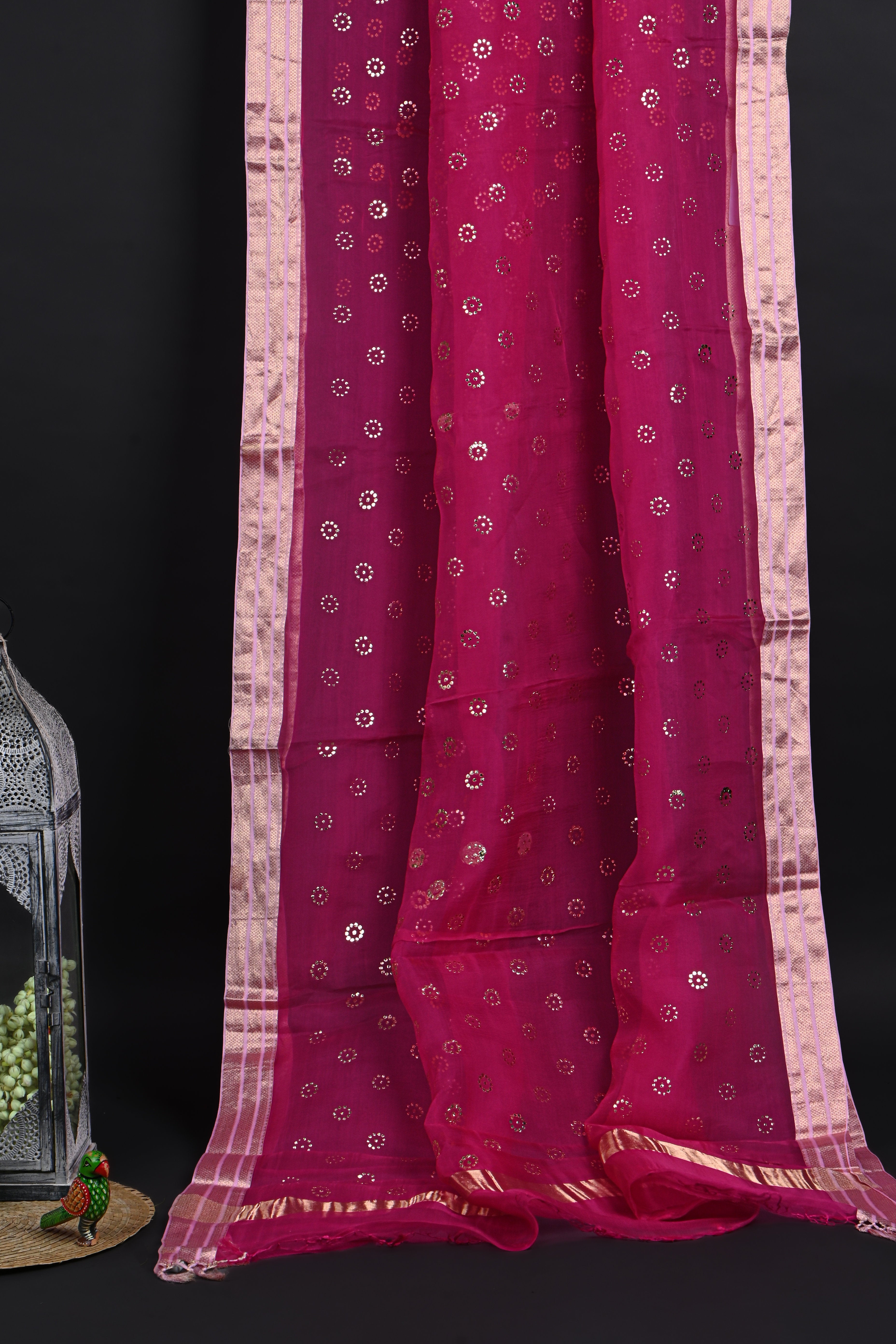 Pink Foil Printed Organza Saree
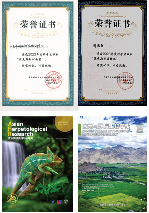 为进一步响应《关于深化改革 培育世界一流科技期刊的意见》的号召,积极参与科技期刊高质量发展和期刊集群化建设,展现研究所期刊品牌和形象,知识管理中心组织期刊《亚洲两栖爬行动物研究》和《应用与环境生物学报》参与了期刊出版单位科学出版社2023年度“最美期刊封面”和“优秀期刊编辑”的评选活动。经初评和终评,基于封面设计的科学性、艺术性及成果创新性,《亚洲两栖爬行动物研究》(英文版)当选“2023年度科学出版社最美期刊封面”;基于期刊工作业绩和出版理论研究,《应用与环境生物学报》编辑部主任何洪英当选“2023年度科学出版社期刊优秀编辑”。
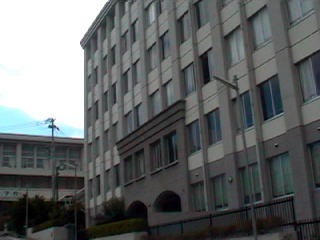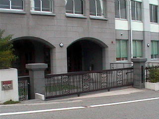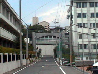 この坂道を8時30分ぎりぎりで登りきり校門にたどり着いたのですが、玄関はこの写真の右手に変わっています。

--

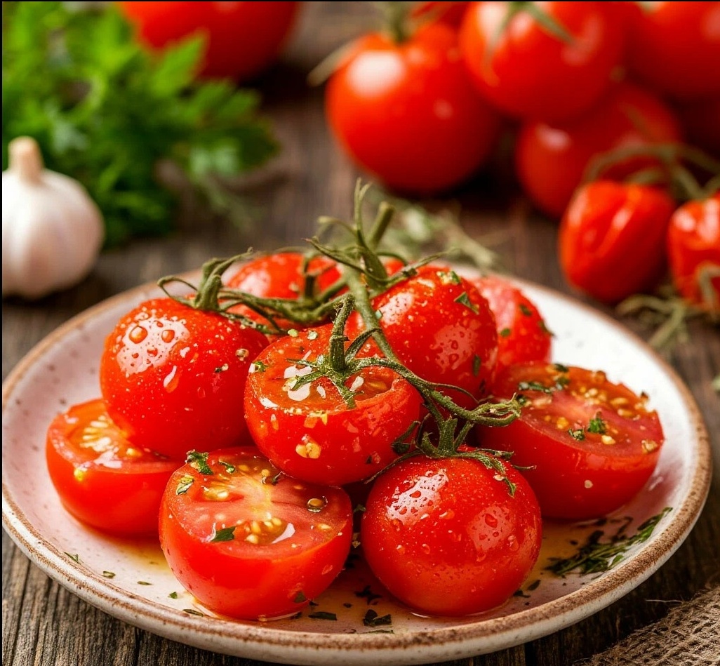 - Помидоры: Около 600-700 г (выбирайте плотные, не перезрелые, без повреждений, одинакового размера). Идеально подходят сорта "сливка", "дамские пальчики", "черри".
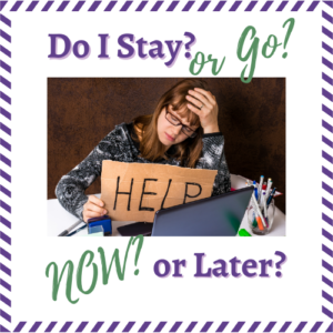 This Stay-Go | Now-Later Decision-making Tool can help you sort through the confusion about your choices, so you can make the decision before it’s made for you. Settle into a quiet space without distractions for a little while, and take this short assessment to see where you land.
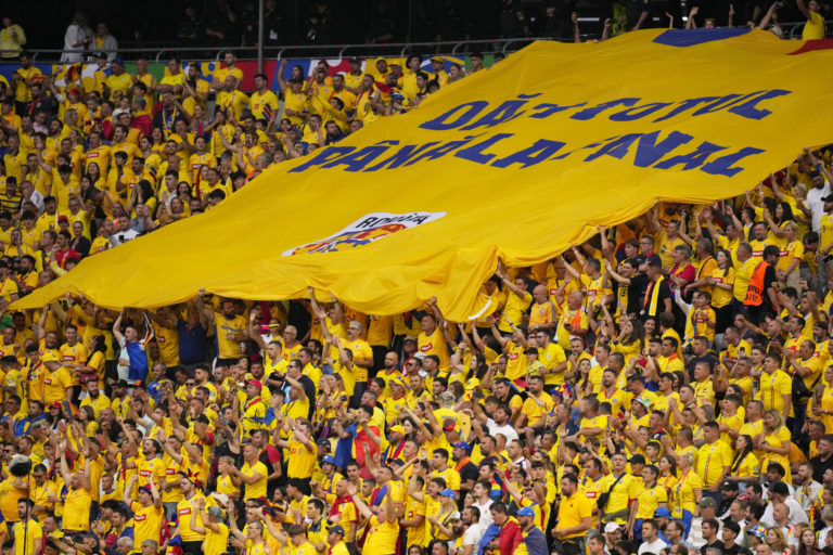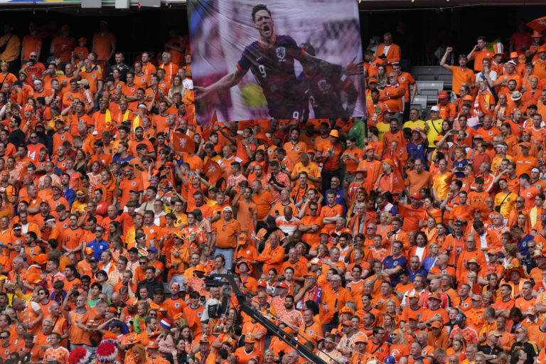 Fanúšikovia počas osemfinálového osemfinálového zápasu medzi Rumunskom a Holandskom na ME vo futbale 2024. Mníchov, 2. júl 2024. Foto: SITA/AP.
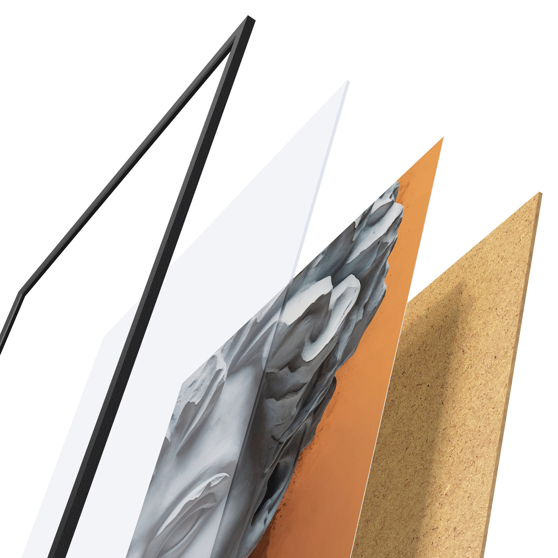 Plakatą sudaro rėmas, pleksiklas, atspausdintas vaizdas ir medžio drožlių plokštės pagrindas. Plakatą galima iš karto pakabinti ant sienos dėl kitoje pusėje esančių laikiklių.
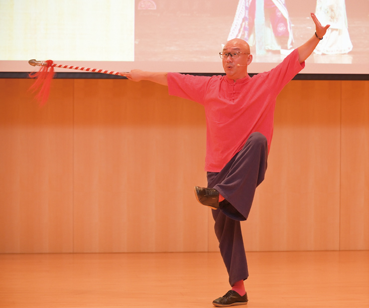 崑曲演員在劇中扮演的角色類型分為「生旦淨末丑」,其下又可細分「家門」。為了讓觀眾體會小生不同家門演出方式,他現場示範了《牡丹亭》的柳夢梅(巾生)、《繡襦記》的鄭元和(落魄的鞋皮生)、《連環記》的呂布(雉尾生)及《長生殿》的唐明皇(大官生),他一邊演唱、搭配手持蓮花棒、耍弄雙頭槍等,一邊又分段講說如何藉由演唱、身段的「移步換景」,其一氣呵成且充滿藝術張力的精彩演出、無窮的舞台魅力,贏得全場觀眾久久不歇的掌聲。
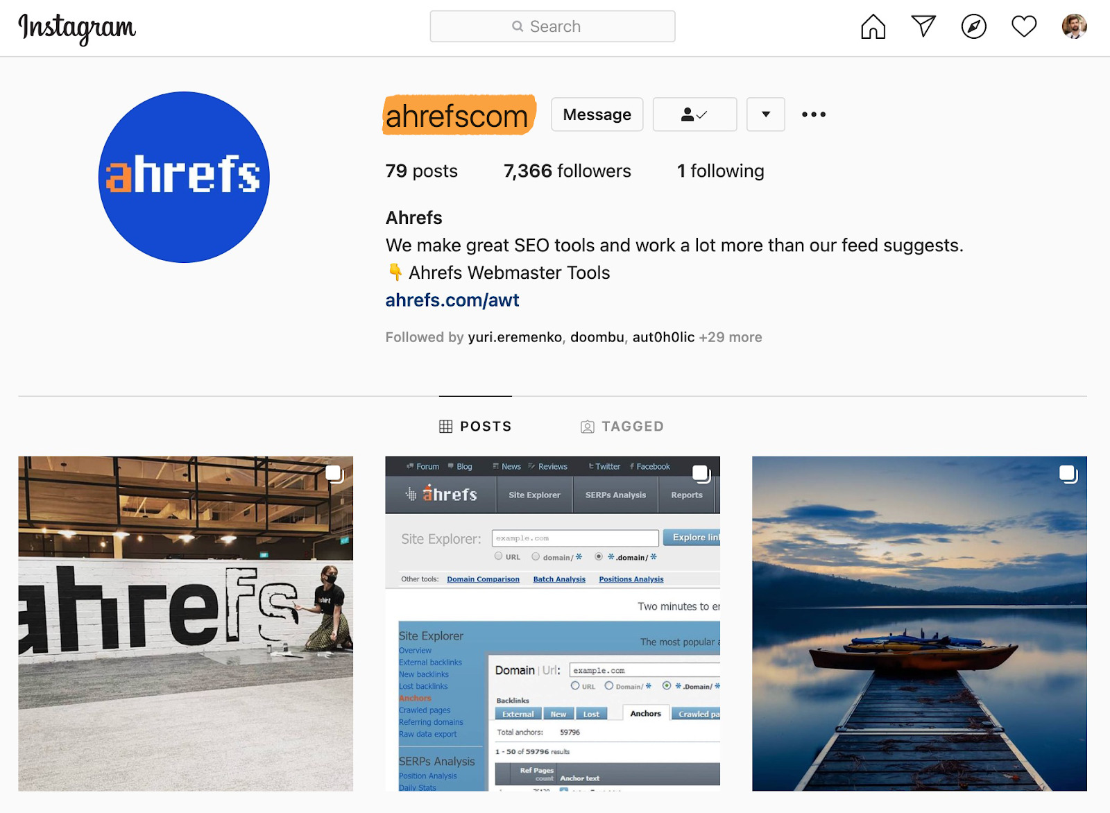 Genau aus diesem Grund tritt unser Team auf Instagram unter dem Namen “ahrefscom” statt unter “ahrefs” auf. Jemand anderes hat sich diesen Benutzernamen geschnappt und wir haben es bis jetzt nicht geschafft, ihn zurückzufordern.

==

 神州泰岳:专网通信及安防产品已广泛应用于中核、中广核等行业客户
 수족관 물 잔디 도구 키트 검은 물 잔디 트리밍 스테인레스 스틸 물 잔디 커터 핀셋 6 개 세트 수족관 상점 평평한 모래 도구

WHAT YOU NEED TO DO. In the listing above, find the line with "Pink Foil Printed Organza Saree" and the line with "この坂道を8時30分ぎりぎり". Copy exactly those lines and all between them, minus the images.

THE ANSWER.
 Pink Foil Printed Organza Saree
 为进一步响应《关于深化改革 培育世界一流科技期刊的意见》的号召,积极参与科技期刊高质量发展和期刊集群化建设,展现研究所期刊品牌和形象,知识管理中心组织期刊《亚洲两栖爬行动物研究》和《应用与环境生物学报》参与了期刊出版单位科学出版社2023年度“最美期刊封面”和“优秀期刊编辑”的评选活动。经初评和终评,基于封面设计的科学性、艺术性及成果创新性,《亚洲两栖爬行动物研究》(英文版)当选“2023年度科学出版社最美期刊封面”;基于期刊工作业绩和出版理论研究,《应用与环境生物学报》编辑部主任何洪英当选“2023年度科学出版社期刊优秀编辑”。
 この坂道を8時30分ぎりぎりで登りきり校門にたどり着いたのですが、玄関はこの写真の右手に変わっています。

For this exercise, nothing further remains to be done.